For example, you say that OpenAI is simultaneously claiming,
OpenAI cares a lot about safety (good for public PR and government regulations).
OpenAI isn’t making anything dangerous and is unlikely to do so in the future (good for public PR and government regulations).
Is it true that OpenAI has claimed that they aren’t making anything dangerous and aren’t likely to do so in the future? Where have they said this?
I agree that it would be good to have citations. In case neither Ozzie nor anyone else here finds it a good use of their time to do it—I’ve been following OpenAIs and Sam Altman’s messaging specifically for a while and Ozzie’s summary of their (conflicting) messaging seems roughly accurate to me. It’s easy to notice the inconsistencies in Sam Altman’s messaging, especially when it comes to safety.
Another commenter (whose name I forgot, I think he was from CLTR) put it nicely: It feels likeAltman does not have one consistent set of beliefs (like an ethics/safety researcher would) but tends to say different things that are useful for achieving his goals (like many CEOs do), and he seems to do that more than other AI lab executives at Anthropic or Deepmind.
Thanks for sharing your impressions. But even if many observers have this impression, it still seems like it could be quite valuable to track down exactly what was said, because there’s some gap between:
(a) has nuanced models of the world and will strategically select different facets of those to share on different occasions; and
(b) will strategically select what to say on different occasions without internal validity or consistency.
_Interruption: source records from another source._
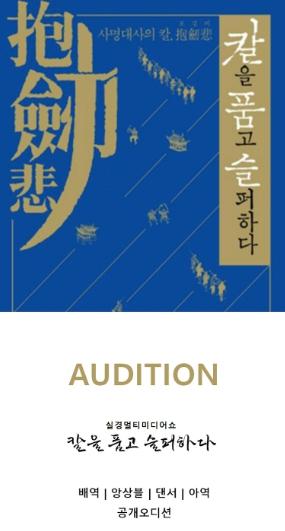 밀양문화관광재단은 오는 5월 22일부터 4일간 개최되는 제67회 밀양아리랑대축제 대표프로그램인 밀양강오딧세이‘칼을 품고 슬퍼하다’공연을 앞두고 전체 배역을 선발하는 공개오디션을 개최한다고 밝혔다.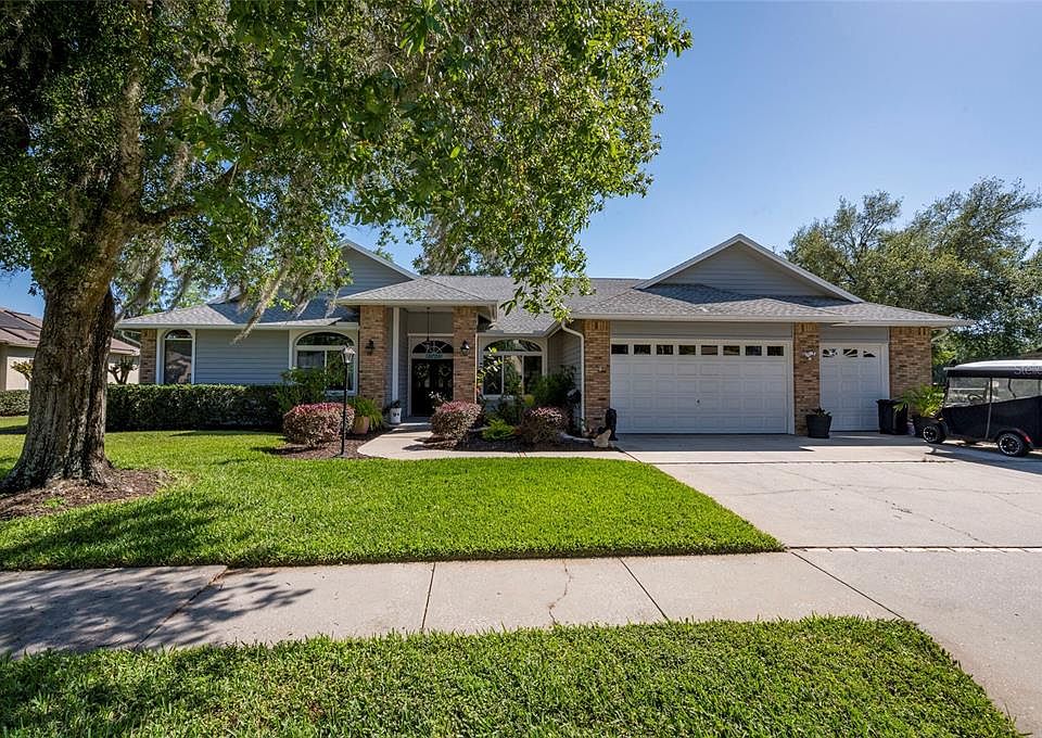 Welcome home to your Florida sanctuary, where sunny days are perfect for golfing, beach lounging, or enjoying your own backyard oasis. This spacious 4-bedroom, 2-full and 2-half-bath pool home with 3 car garage is nestled on nearly a half-acre lot at the end of a quiet cul-de-sac of custom homes. Enjoy mature landscaping and lush oak trees with views of the 16th hole of Lake Bernadette's public golf course. Upon entry, the formal living room offers expansive sliding doors overlooking the inviting pool and heated spa. Split formal dining and separate living room offer ample space for entertaining and relaxation. The custom pool and spill over spa in the screened lanai offer large bar for eating and plenty of covered area with fans for entertaining. Plumbed with gas for grilling and outdoor half bath, family and friends will enjoy gathering. The kitchen boasts stainless steel appliances, gas range, granite countertops, and loads of modern bright cabinetry with a walk-in pantry. The chef of your home will love the ample counter space, eat in bar, dinette and views of the pool and surroundings as they prepare any meal. New panoramic windows flood the adjoining family room with natural light and stunning views. Custom built in shelving flank the gas fireplace for cozy cooler evenings. This split floorplan offers perfect privacy with the 2 secondary bedrooms sharing a newly updated bathroom with glass walk-in shower. The 3rd bedroom has easy access to the beautifully appointed half bath. The private primary suite offers direct pool access and a new spa-like ensuite bathroom with his-and-hers closets, dual sinks, a sunken tub, and a glass walk-in shower. Every detail, from the custom low-flow toilets to the exquisite stone finishes in the additional bathrooms, reflects meticulous craftsmanship. With low HOA fees which include trash and mailbox, no CDD and affordable access to the Golf Course, clubhouse, 2 community pools, pickle ball, tennis and more, this exquisite home with a 1 Year Home Warranty will not last. Call today and make this your home tomorrow. Bedroom Closet Type: Walk-in Closet (Primary Bedroom).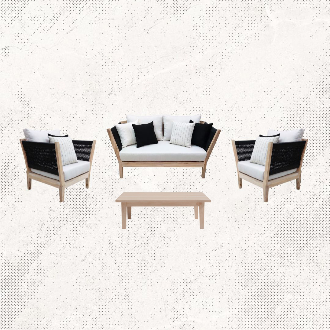 Materiales: Sala con estructura de madera, tejida con rejilla sintética de alta calidad, cojinería fabricada con hule espuma de alta densidad y tela resistente al sol y la intemperie.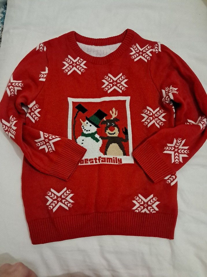LC Waikiki Kız erkek giyebilir çocuk için yuvarlak yaka, uzun kollu, örgü örme kumaştan yapılmış, kırmızı ve renkli baskılı kar tanesi ve kar adam-ren geyiği desenli, estfamily yazılı kazak.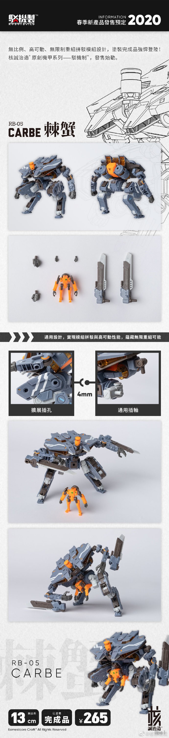 中文名称:核诚治造原创机甲系列 驳机制 RB-05 CARBE 棘蟹 通用色Ver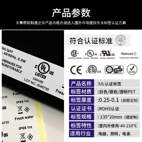 美规UL认证标签/UL94V0标准/UL969标准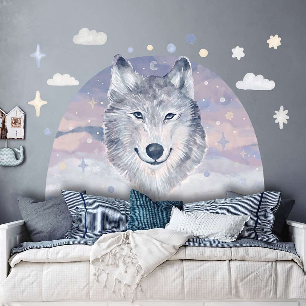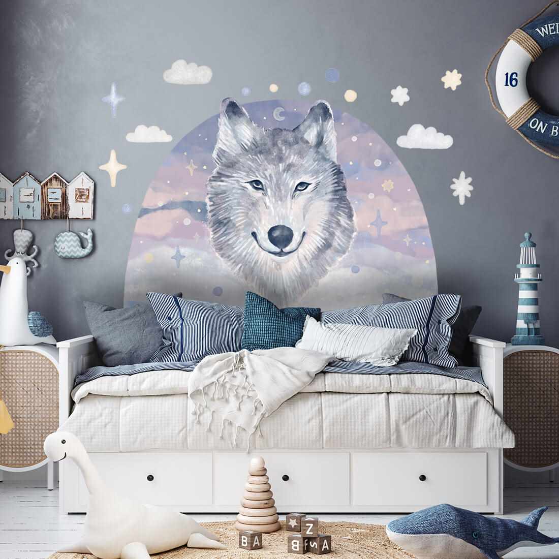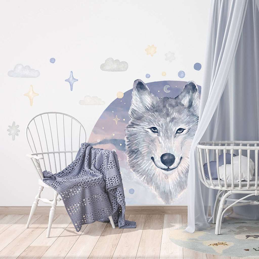 Beautiful wall sticker Wolf. Stickers from this collection will delight with details and harmony of colours, the palette of which has been adapted to the latest trends in interior design. Thanks to this, they will fit perfectly into any children's space. The wolf sticker is a quick and easy way to create a beautiful metamorphosis of a child's space. Thanks to their large surface area, the stickers from this collection are ideal for sticking behind the bed or in the children's corner. The sticker is secured with a special matt laminate that protects it from scratches during everyday use and also makes it easier to stick - the film is thicker and easier to transfer to the wall. If you're looking for the perfect way to brighten up your child's room, our wall stickers are the right choice. Order them today and make your child happy. This set includes: wolf and other elements. The exact dimensions of each sticker part are shown in the last photo.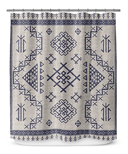 KAVKA Designs Aztec Light Blue Shower Curtain, (Beige/Blue) - NAVAJO Collection, Size: 70x90 - (MGTAVC2028LPLSC)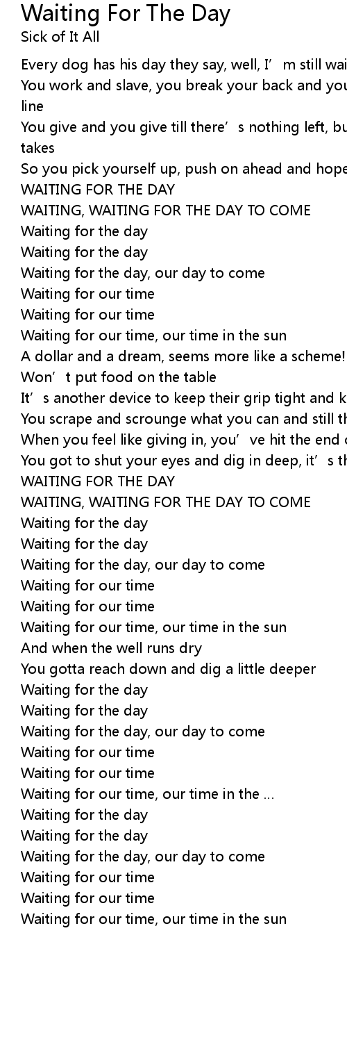 | WAITING FOR THE DAY | |

… but either of these could potentially create the impressions in observers of inconsistency. (Not to say that (a) is ideal, but I think that (b) is clearly more egregious.)
I imagine we’re basically all in agreement on this.
Only question is who might want to / be able to do much of it. It does seem like it could be a fairly straightforward project, though it feels like it would be work.
It could be partially crowdsourced. People could add links to interviews to a central location as they come across them, quotes can be taken from news articles, maybe some others can do AI transcription of other interviews. I think subtitles from YouTube videos can also be downloaded?
> thesis also seems like the type of thing that should be proven, rather than asserted. It would indeed be damning if OpenAI is taking contradictory positions about numerous important issues, but I don’t think you’ve shown that they are in this post. This post would be stronger if you gave concrete examples.
I agree with this. I’d also prefer that there would be work to track down more of this. I’ve been overall surprised at the response my post had, but from previous comments, I assumed that readers mostly agreed with these claims. I’d like to see more work go into this (I’ll look for some sources, and encourage others to do a better job).
> OpenAI isn’t making anything dangerous and is unlikely to do so in the future (good for public PR and government regulations).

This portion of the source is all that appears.